The inspiration was the Star Trek computer. So when you think of it that way, you know, everything is possible, but when you launch a product, you have to start with some place. And when I joined, the product was already in conception and we started working on the far field speech recognition because that was the first thing to solve.

By that, we mean that you should be able to speak to the device from a distance. And in those days, that wasn't a common practice. And even in the previous research world I was in, was considered to a unsolvable problem then in terms of whether you can converse from a length.

And here I'm still talking about the first part of the problem where you say, get the attention of the device, as in by saying what we call the wake word, which means the word Alexa has to be detected with a very high accuracy because it is a very common word.

It has sound units that map with words like I like you or Alec, Alex, right? So it's a undoubtedly hard problem to detect the right mentions of Alexa's address to the device versus I like Alexa. - So you have to pick up that signal when there's a lot of noise.

- Not only noise, but a lot of conversation in the house. Remember on the device, you're simply listening for the wake word, Alexa. And there's a lot of words being spoken in the house. How do you know it's Alexa and directed at Alexa? Because I could say, I love my Alexa, I hate my Alexa, I want Alexa to do this.

And in all these three sentences I said Alexa, I didn't want it to wake up. - Can I just pause on that a second? What would be your device that I should probably in the introduction of this conversation give to people in terms of with them turning off their Alexa device if they're listening to this podcast conversation out loud?
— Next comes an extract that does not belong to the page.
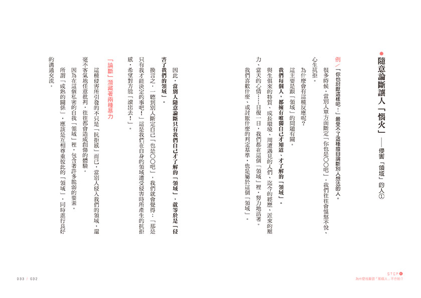 每個人都有唯獨自己才了解的「領域」,當別人對我們指手劃腳,就等於是「侵害了我們的領域」,我們自然會惱火,認為對方沒有資格自作主張。

Like what's the probability that an Alexa device will go off? Because we mentioned Alexa like a million times. - So it will, we have done a lot of different things where we can figure out that there is the device, the speech is coming from a human versus over the air.

Also, I mean, in terms of like, also it is, think about ads or, so we also launched a technology for watermarking kind of approaches in terms of filtering it out. But yes, if this kind of a podcast is happening, it's possible your device will wake up a few times.

It's an unsolved problem, but it is definitely something we care very much about. - But the idea is you want to detect Alexa. - Meant for the device. - First of all, just even hearing Alexa versus I like something, I mean, that's a fascinating part. So that was the first relief.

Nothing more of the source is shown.